Près de deux décennies après l’assassinat à bout portant du Premier ministre Yitzhak Rabin le 4 novembre 1995, la famille de Yigal Amir n’exprime aucun regret sur ​​son assassinat et ses conséquences pour chacun d’entre eux.

Mais le principal complice de Yigal Amir, son frère aîné Hagai Amir, semble avoir fait volte-face en termes de politique et de vision du monde, selon un reportage de la Deuxième chaîne vendredi.

Alors que les frères Amir ont toujours soutenu avoir comploté l’assassinat de Rabin pour mettre fin au processus de paix entre le gouvernement israélien et les Palestiniens, Hagai affirme aujourd’hui qu’une solution à deux Etats doit être poursuivie.

Et si Hagai prétend ne pas regretter l’assassinat qu’il « fallait faire », et affirme qu’il aurait fait deux ans plus tôt s’il avait pu, il a récemment étonné ses adeptes sur les médias sociaux avec des messages semblant soutenir une solution à deux Etats et le droit au retour des Palestiniens, pomme de discorde entre les négociateurs israéliens et palestiniens.

Pour Hagai, l’assassinat a mis fin aux pourparlers de paix et « donné au peuple d’Israël le droit de choisir [la voie à suivre] ».

Pendant la guerre de 50 jours de cet été entre Israël et les groupes terroristes basés à Gaza, Hagai a publié un statut sur ​​Facebook disant que le Hamas n’était pas plus amoral que l’armée israélienne et a exprimé sa tristesse devant la mort d’enfants palestiniens à Gaza.

« Cette [opération Bordure protectrice] était une campagne de vengeance organisée pour les meurtres des trois adolescents israéliens, » a-t-il dit, se référant aux enlèvements et meurtres de Gilad Shaar, Naftali Fraenkel et Eyal Yifrach en juin.

« Les gens voulaient du sang et ils ont eu du sang », a-t-il ajouté.

Hagai a été libéré il y a plus de deux ans, après 16 ans de prison, dont plusieurs années dans l’isoloir. Aujourd’hui âgé de 46 ans, il ne s’est jamais marié et vit avec ses parents à Herzliya.

La femme de Yigal Amir, Larissa Trembovler, qu’il a épousée il y a dix ans, a également affirmé qu’elle n’avait aucun regret et qu’elle attendait que son mari rentre à la maison.

« Je ne l’ai jamais regretté de l’avoir épousé, pas même un instant. Je l’aime, il m’aime, nous avons un enfant ensemble », a-t-elle confié à la Deuxième chaîne. « Je l’attends ».

L’assassin de Rabin, quant à lui, a de grands espoirs d’être gracié et libéré, ce qui n’est pas irréaliste, selon son avocat, Ari Shamai, interviewé dans le reportage télévisé.
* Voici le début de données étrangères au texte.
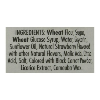 DESCRIPTION: Strawberry flavored with other natural flavors. No palm oil. No high fructose corn syrup. Non GMO Project verified. nongmoproject.org. Plant based. Australia's Original Soft Eating Licorice: What really happened on that dark & stormy night back in 1957 when Darrell Lea invented the world's first soft eating licorice recipe? Was it a moment of genius or a happy accident? One thing is certain; once you experience Darrell Lea's unique, soft eating texture, you'll understand why it's the number 1 selling licorice in Australia. Should it not meet your expectations, please return it to your place of purchase. Vegetarian Society Approved. www.darrelllea.com. nongmoproject.org. Facebook. Instagram. Facebook.com/dleausa. Instragram: (at)darrellleaUS. Get all the good news at: www.darrelllea.com. Made in Australia. < Wheat Flour, Sugar, Wheat Glucose Syrup, Water, Glycerin, Sunflower Oil, Natural Strawberry Flavored with Other Natural Flavors, Malic Acid, Citric Acid, Salt, Colored with Black Carrot Powder, Licorice Extract, Carnauba Wax.
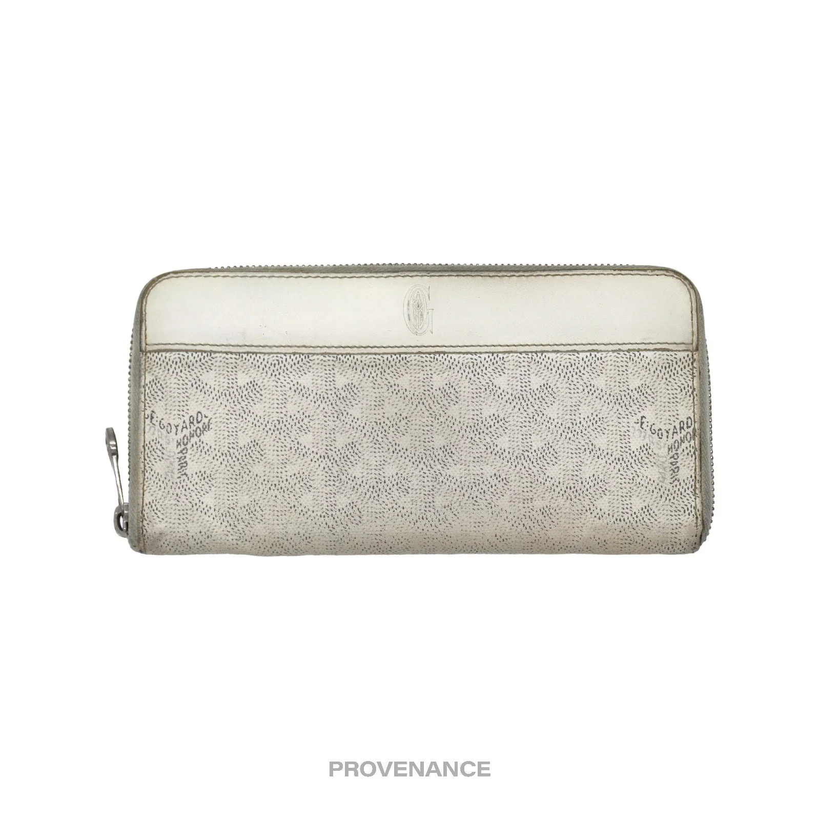 Goyard Matignon Zipped Wallet in White Goyardine 100% Authentic - Money Back Guarantee Condition Notes: some signs of cosmetic wear - 8 credit card slots - Gusseted interior utility compartments - Interior zip compartment - Tonal leather lining - Beautiful and durable White Goyardine FREE EXPRESS SHIPPING SHIPS WITHIN 24HR. HASSLE-FREE RETURNS
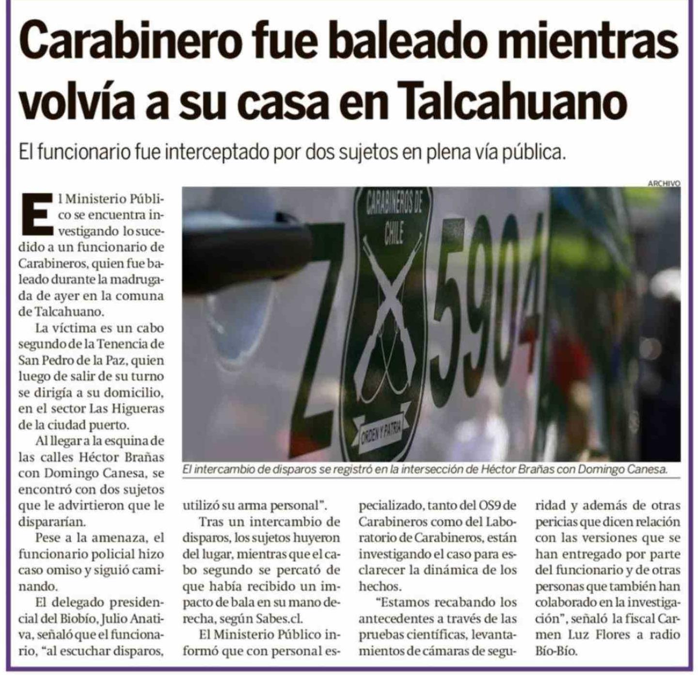 Título: Carabinero fue baleado mientras volvía a su casa en Talcahuano
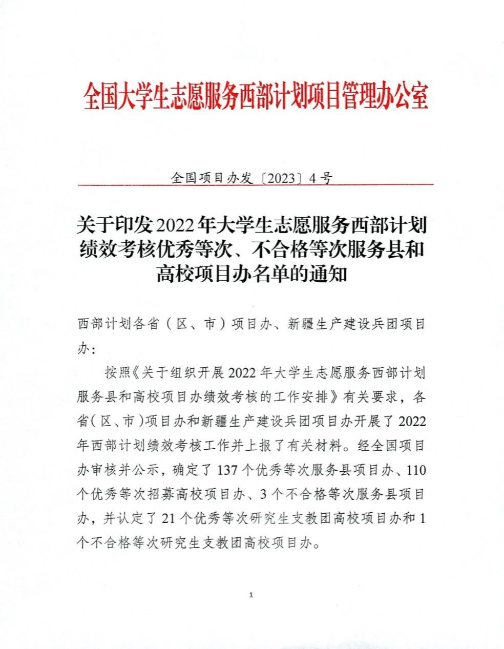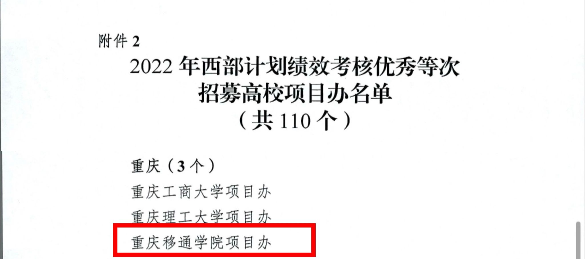 近日,全国大学生志愿服务西部计划项目管理办公室公布了2022年西部计划绩效考核结果,经市项目办考核上报,全国项目办评审和公示,我校获评2022年西部计划绩效考核优秀等次招募高校项目办。这是我校首次斩获该项荣誉,也是重庆市3所获评高校中唯一一所民办高校!
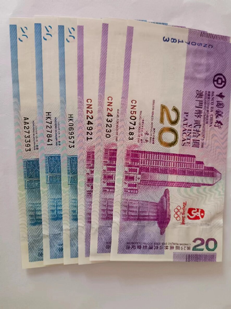 → 香港,澳门,奥运钞,3对,450一对带册
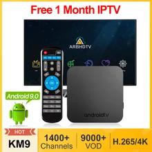 Cheap Price for IPTV France Arabic KM9 Android 9.0 Smart Tv Box 4G 32G/64G 1 Month IPTV Belgium Morocco Netherlands Turkey Algeria French IP TV
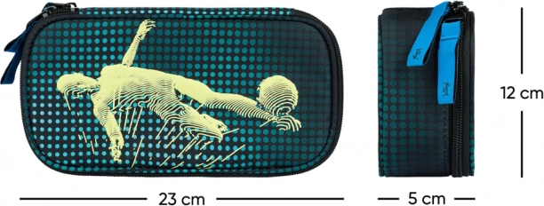 Het etui is versierd met een opvallend motief van een voetballer, wat de aandacht trekt van elke liefhebber van deze sport.
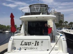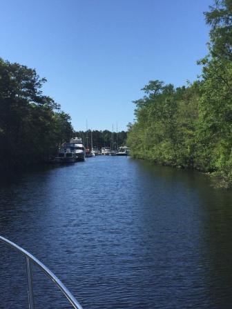 We left Georgetown at 8:00 in the morning and cruised along the ICW, leaving the low-country of South Carolina to more forested scenery. You can tell we were getting close to the North Carolina border. Just outside of Myrtle Beach we stopped for fuel at Osprey Marina – a much protected marina with a great reputation, but is a bit removed from anything. Since Denise would be staying on the boat while Mark traveled to a client-site, we wanted a place that had more to offer. Our only purpose for stopping was the great price for diesel fuel ($1.96) – and when you say “fill ‘er up” – cents matter!

« Cet espoir [d’être libéré] est pas démesuré », a déclaré Shamai.

L’année dernière, l’ancien président Shimon Peres a déclaré que Yigal Amir devait servir la totalité de sa peine. « Le meurtrier ne sera jamais pardonné », a-t-il dit. « Il ne sera jamais pardonné. »
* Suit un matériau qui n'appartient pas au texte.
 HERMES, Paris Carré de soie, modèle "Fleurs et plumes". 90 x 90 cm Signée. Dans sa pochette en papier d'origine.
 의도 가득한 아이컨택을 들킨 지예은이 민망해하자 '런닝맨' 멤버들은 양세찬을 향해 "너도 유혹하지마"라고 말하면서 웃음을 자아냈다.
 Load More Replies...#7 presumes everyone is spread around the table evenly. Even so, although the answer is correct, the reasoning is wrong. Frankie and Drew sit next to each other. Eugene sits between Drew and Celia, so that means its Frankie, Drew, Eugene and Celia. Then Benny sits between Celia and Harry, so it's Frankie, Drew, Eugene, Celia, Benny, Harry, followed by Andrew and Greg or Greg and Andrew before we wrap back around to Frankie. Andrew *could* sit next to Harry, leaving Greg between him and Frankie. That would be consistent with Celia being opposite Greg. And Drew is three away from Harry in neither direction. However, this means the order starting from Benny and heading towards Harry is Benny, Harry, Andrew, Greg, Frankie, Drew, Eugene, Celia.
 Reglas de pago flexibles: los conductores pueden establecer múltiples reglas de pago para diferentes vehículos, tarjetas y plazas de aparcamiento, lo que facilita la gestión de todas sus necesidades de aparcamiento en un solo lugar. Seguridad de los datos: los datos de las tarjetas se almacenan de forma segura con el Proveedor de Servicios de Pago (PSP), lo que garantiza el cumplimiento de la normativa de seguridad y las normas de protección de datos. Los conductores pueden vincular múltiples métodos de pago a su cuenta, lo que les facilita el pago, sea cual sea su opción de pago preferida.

Yigal Amir, 44 ans, purge une peine à perpétuité pour l’assassinat de Rabin dans un isoloir.

Rabin était chef d’état-major au cours de la guerre des Six-Jours en 1967. Il a ensuite été ambassadeur aux Etats-Unis, ministre de la Défense et deux fois Premier ministre.

En 1994, il a reçu le prix Nobel de la paix avec le ministre des Affaires étrangères de l’époque, Shimon Peres, et Yasser Arafat, président de l’OLP, pour son rôle dans la signature des accords de paix d’Oslo un an plus tôt.

L’année dernière, plus de 30 000 personnes se sont rassemblées à Tel Aviv pour le principal événement commémoratif de l’assassinat.

La cérémonie a eu lieu sur la place où Rabin a été abattu. Initialement appelée Place des rois d’Israël, elle a été rebaptisée Place Rabin après l’assassinat.